Short tandem repeats (STRs) represent intron polymorphism among individuals that occur frequently in the human genome. They consist of tandemly arranged nucleotide repeat units. Based upon a unique combination of STR alleles, individuals can be unequivocally identified.1 The number of STR markers required for unique characterization of individuals can be predicted based on the allele frequencies in a population.

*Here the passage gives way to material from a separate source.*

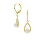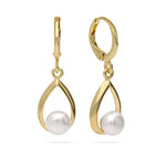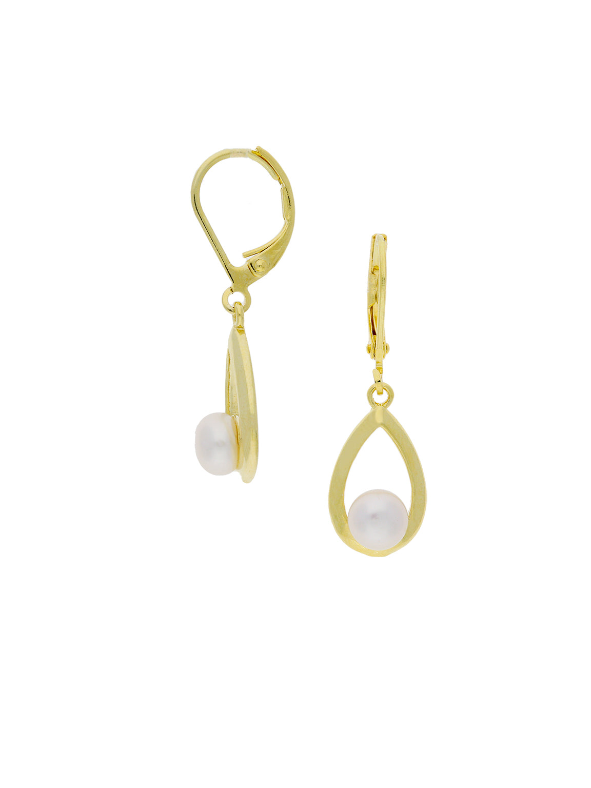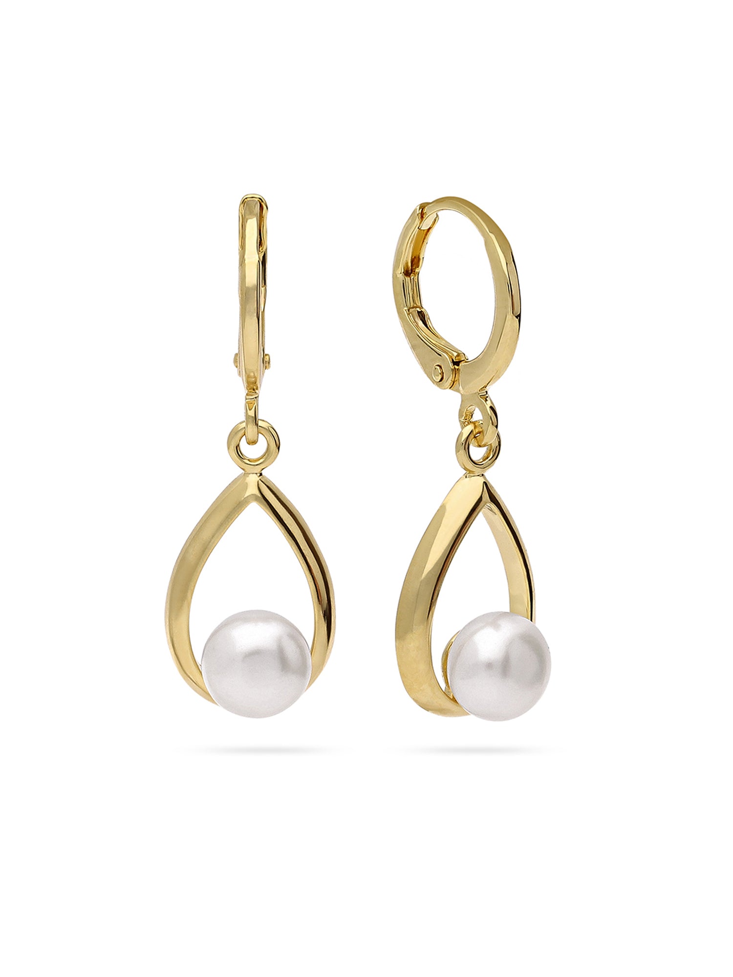 Gotas, Bañado en oro, Perla cultivada, Blanco, Lágrima, Color dorado, longitud del pendiente: 3.0 cm, ancho del pendiente: 1.0 cm, 2.49 g

The most common approach to identify STR alleles includes the in vitro amplification of STR (microsatellite) loci by the polymerase chain reaction (PCR) using primers flanking the repeat region and subsequent fragment analysis to identify the allele sizes.2, 3, 4, 5

STR marker systems are frequently used for the identification of parentage, kinship and other forensic purposes, but are also applied in the monitoring of hematopoietic chimerism in patients after allogeneic stem cell transplantation. The suitability of these markers for chimerism analysis, however, depends on different factors, which needs to be considered before recommending an individual marker or a panel of markers for chimerism characterization. It is mandatory for the marker used that an informative for example recipient-specific allele differs in size from the donor alleles by at least one or two repeat units. To accurately describe the relation between donor and recipient alleles, the Eurochimerism Consortium (Appendix A) has developed a proposal for a nomenclature, which provides a uniform identification system of STR alleles applicable for chimerism analysis, which is presented in this issue.6 The size of a defined allele can show some degree of variation due to the equipment used for fragment separation, but the inclusion of known reference samples in the analysis can eliminate this problem.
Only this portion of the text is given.